The tool returns a JSON array with one object per matching session (non-idle). Each object contains the process id, database and user, application name, client address, session state, several age intervals (connection, transaction, query, and last activity), wait event info, and the SQL text currently associated with the session.

Parameters:

  • min_duration (optional): Only show transactions running at least this long (Postgres interval format, e.g., '5 minutes'). Default: 5 minutes.
  • limit (optional): Maximum number of results to return.
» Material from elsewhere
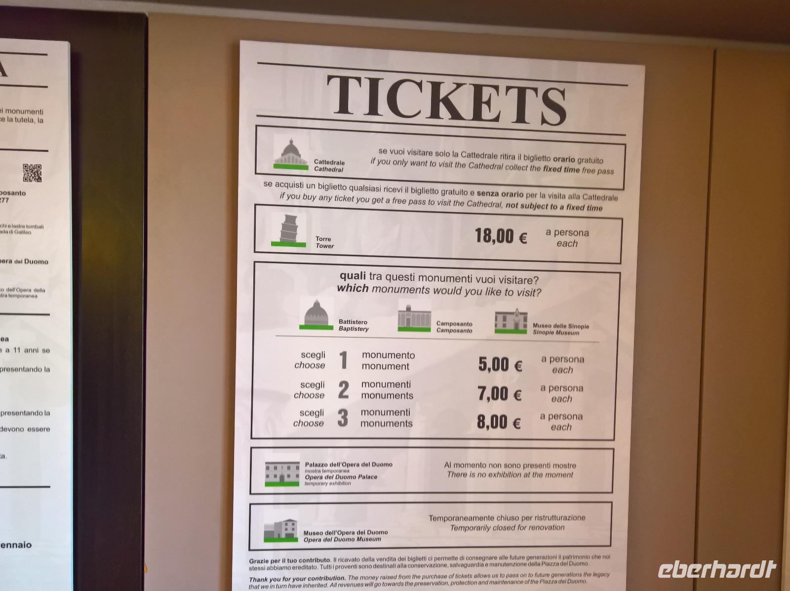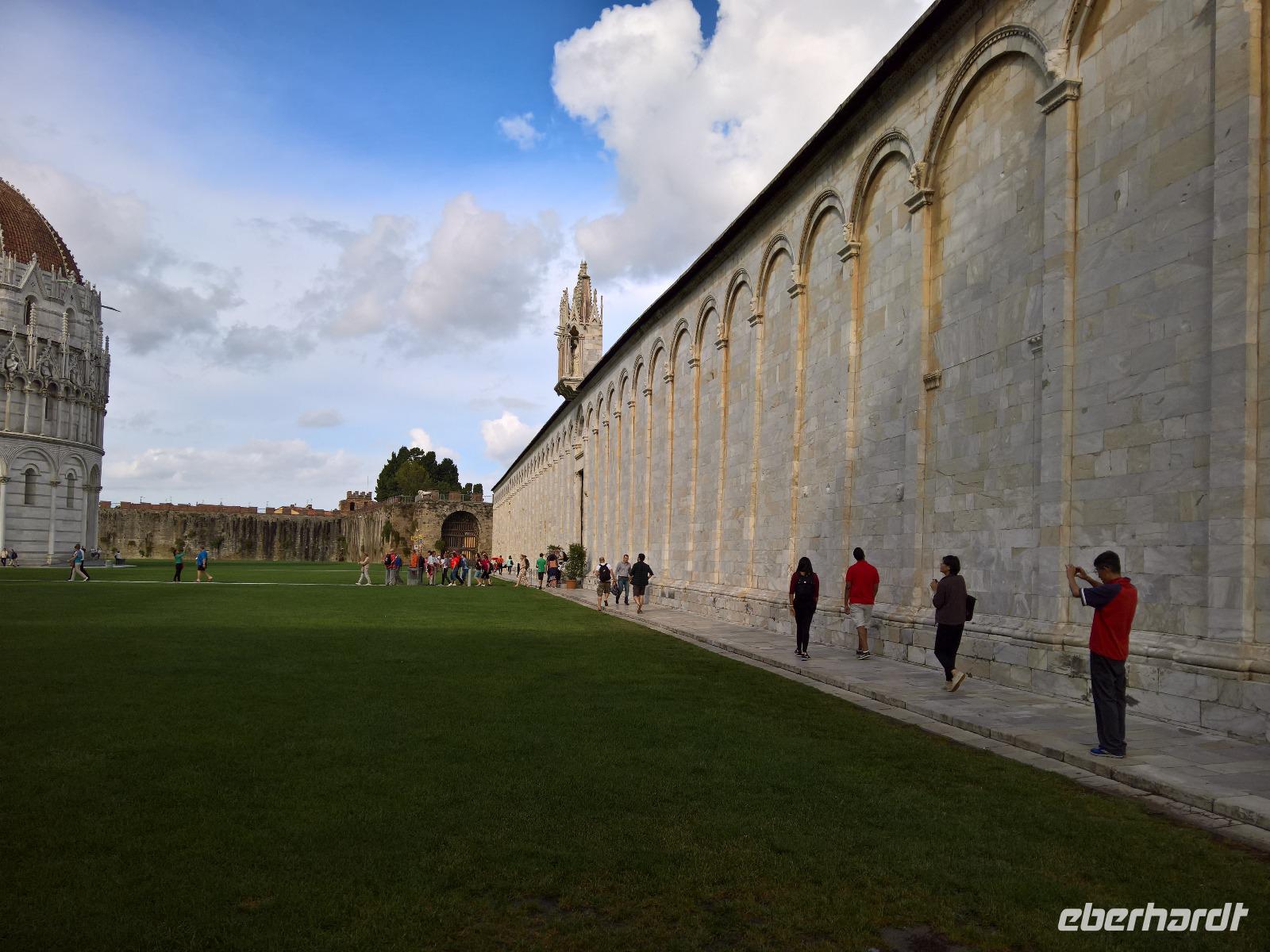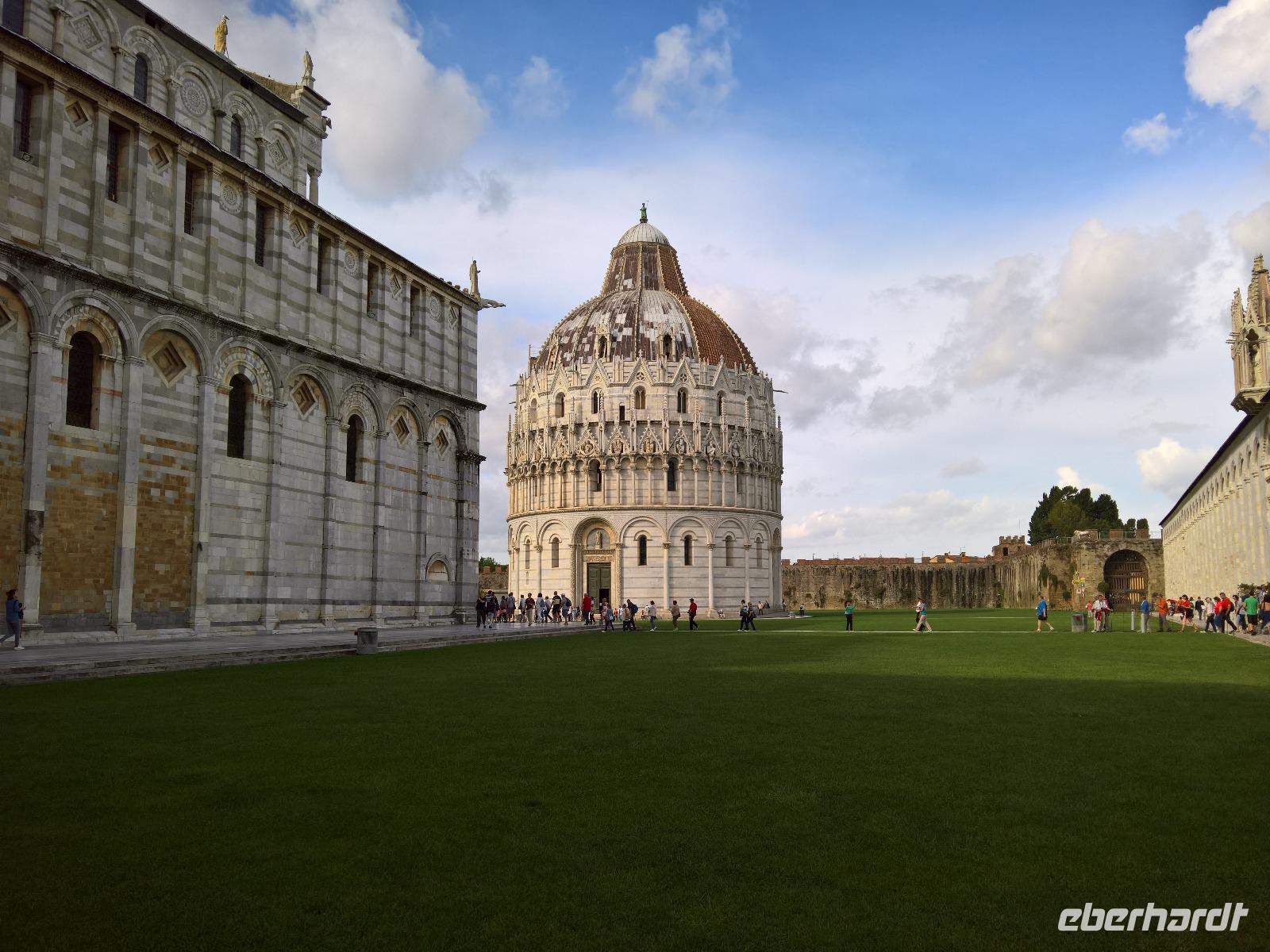 Unterwegs machen wir Halt in Pisa. Die Geburtsstadt Galileo Galilei ist weltberühmt durch ihn aber mehr noch durch den Schiefen Turm von Pisa aus dem 12. Jh. Und dieser gehört zu einem Ensemble auf der Piazza dei Miracoli, zu dem der Dom mit seiner beeindruckenden Fassade aus schwarzem und weißem Marmor zählt, genauso, wie das Baptisterium, die Taufkirche. Aber gleichsam großartig ist der Camposanto, der Monumentalfriedhof aus dem 13. Jh. Allein auf diesem Platz der Wunder lohnt sich unser Besuch. Und wer noch etwas weiter in die Stadt Pisa hineinlaufen will, der kommt zur Piazza dei Cavalieri, einem der schönsten europäischen Plätze der Renaissance.
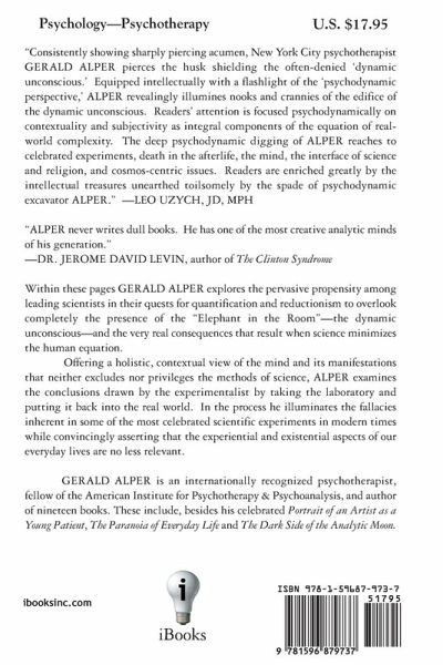 "Consistently showing sharply piercing acumen, New York City psychotherapist GERALD ALPER pierces the husk shielding the often-denied 'dynamic unconscious.' Equipped intellectually with a flashlight of the 'psychodynamic perspective,' ALPER revealingly illumines nooks and crannies of the edifice of the dynamic unconscious. Readers' attention is focused psychodynamically on contextuality and subjectivity as integral components of the equation of real-world complexity. The deep psychodynamic digging of ALPER reaches to celebrated experiments, death in the afterlife, the mind, the interface of science and religion, and cosmos-centric issues. Readers are enriched greatly by the intellectual treasures unearthed toilsomely by the spade of psychodynamic excavator ALPER." -LEO UZYCH, JD, MPH "ALPER never writes dull books. He has one of the most creative analytic minds of his generation." -DR. JEROME DAVID LEVIN, author of The Clinton Syndrome Within these pages GERALD ALPER explores the pervasive propensity among leading scientists in their quests for quantification and reductionism to overlook completely the presence of the "Elephant in the Room"-the dynamic unconscious-and the very real consequences that result when science minimizes the human equation. Offering a holistic, contextual view of the mind and its manifestations that neither excludes nor privileges the methods of science, ALPER examines the conclusions drawn by the experimentalist by taking the laboratory and putting it back into the real world. In the process he illuminates the fallacies inherent in some of the most celebrated scientific experiments in modern times while convincingly asserting that the experiential and existential aspects of our everyday lives are no less relevant. GERALD ALPER is an internationally recognized psychotherapist, fellow of the American Institute for Psychotherapy & Psychoanalysis, and author of nineteen books. These include, besides his celebrated Portrait of an Artist as a Young Patient, The Paranoia of Everyday Life and The Dark Side of the Analytic Moon.

Default: 20.

Query

The SQL used by the tool looks like:

SELECT
  pid,
  datname,
  usename,
  application_name as appname,
  client_addr,
  state,
  now() - backend_start as conn_age,
  now() - xact_start as xact_age,
  now() - query_start as query_age,
  now() - state_change as last_activity_age,
  wait_event_type,
  wait_event,
  query
FROM
  pg_stat_activity
WHERE
  state <> 'idle'
  AND (now() - xact_start) > COALESCE($1::INTERVAL, interval '5 minutes')
  AND xact_start IS NOT NULL
  AND pid <> pg_backend_pid()
ORDER BY
  xact_age DESC
LIMIT 
  COALESCE($2::int, 20);

Example

kind: tools
name: long_running_transactions
type: postgres-long-running-transactions
source: postgres-source
description: "Identifies transactions open longer than a threshold and returns details including query text and durations."

Example response element:

{
  "pid": 12345,
  "datname": "my_database",
  "usename": "dbuser",
  "appname": "my_app",
  "client_addr": "10.0.0.5",
  "state": "idle in transaction",
  "conn_age": "00:12:34",
  "xact_age": "00:06:00",
  "query_age": "00:02:00",
  "last_activity_age": "00:01:30",
  "wait_event_type": null,
  "wait_event": null,
  "query": "UPDATE users SET last_seen = now() WHERE id = 42;"
}

Reference

field type required description
pid integer true Process id (backend pid).
datname string true Database name.
usename string true Database user name.
appname string false Application name (client application).
client_addr string false Client IPv4/IPv6 address (may be null for local connections).
state string true Session state (e.g., active, idle in transaction).
conn_age string true Age of the connection: now() - backend_start (Postgres interval serialized as string).
xact_age string true Age of the transaction: now() - xact_start (Postgres interval serialized as string).
query_age string true Age of the currently running query: now() - query_start (Postgres interval serialized as string).
last_activity_age string true Time since last state change: now() - state_change (Postgres interval serialized as string).
wait_event_type string false Type of event the backend is waiting on (may be null).
wait_event string false Specific wait event name (may be null).
query string true SQL text associated with the session.